Poetry Friday–Poems form poems

3-Eucalypt copy



I’m sharing two beautiful poems I received last week from Tabatha Yeatts, for the Summer Poetry Sway. Tabatha shared with me May Sarton’s poem, The Work of Happiness. She then wrote Fellowship, an ekphrastic golden shovel using the painting I did above, and a line from The Work of Happiness. I’ve also included a response poem to Tabatha’s poem.

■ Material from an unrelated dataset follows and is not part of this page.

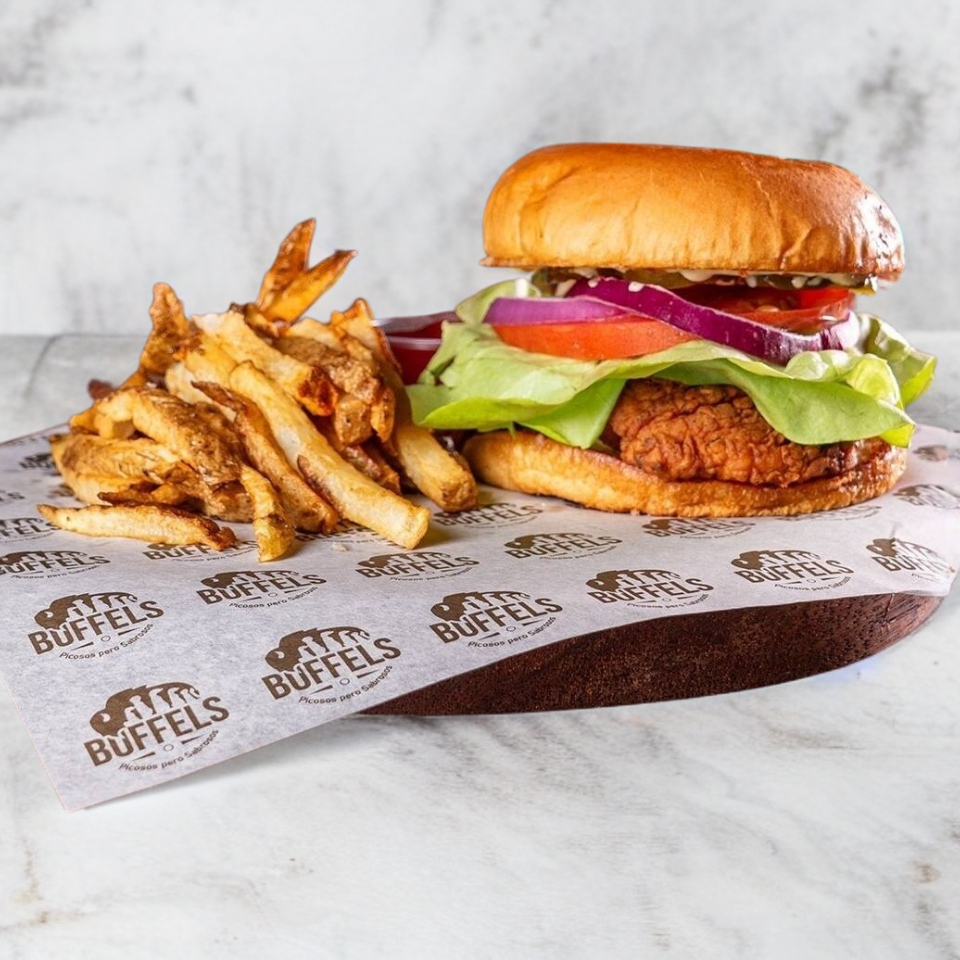 Pechuga de pollo empanizada, bañada en salsa de tu elección con tomate, cebolla, lechuga, pepinillos, queso blanco y aderezo ranch.

Here’s Tabatha’s poem, with her permission.

for Michelle

Sharing the sun and the
shadow and the scent in the air,
the wanderers rest. Is
the very light charged
with respite, with
peace, with blessing?
Painter, may we pause and
join them? What does
the Great Painter do every day, but bless?

© 2017 Tabatha Yeatts

Here is part of May Sarton’s poem, read the remainder of it at the Poetry Foundation.


By May Sarton
I thought of happiness, how it is woven
Out of the silence in the empty house each day
And how it is not sudden and it is not given
But is creation itself like the growth of a tree.
No one has seen it happen, but inside the bark
Another circle is growing in the expanding ring.
No one has heard the root go deeper in the dark,
But the tree is lifted by this inward work

And its plumes shine, and its leaves are glittering.


So happiness is woven out of the peace of hours
And strikes its roots deep in the house alone:
The old chest in the corner, cool waxed floors,
White curtains softly and continually blown
As the free air moves quietly about the room;
A shelf of books, a table, and the white-washed wall—
These are the dear familiar gods of home,
And here the work of faith can best be done,
The growing tree is green and musical.
For my response poem I also wrote a golden shovel, however the first stanza uses the last line from Tabatha’s poem and the second stanza uses the last line from Naomi Shihab Nye’s poem Pollen. I couldn’t find Pollen online. It comes from a book I recently bought that’s called If Bees Are Few, A Hive of Bee Poems, Edited by James P. Lenfestey. I plan on sharing more of the book at some time.


The garden is the
answer with Great
possibilities. The Painter
ponders over what to do …

What holds her energy every
day, what centers her day?
She begins with a sketch, but
turns inward and continues with a bless-

ing for critters, and mankind, and help
for all humanity. Join us
together so we may find
peace and happiness, within the
world; within mountains, the valley, the field–
Unite our small world once again.

© 2017 Michelle Kogan


Linda Mitchell at A Word Edgewise is hosting this weeks Poetry Friday Roundup; thanks Linda! Stop by Linda’s blog for more poems.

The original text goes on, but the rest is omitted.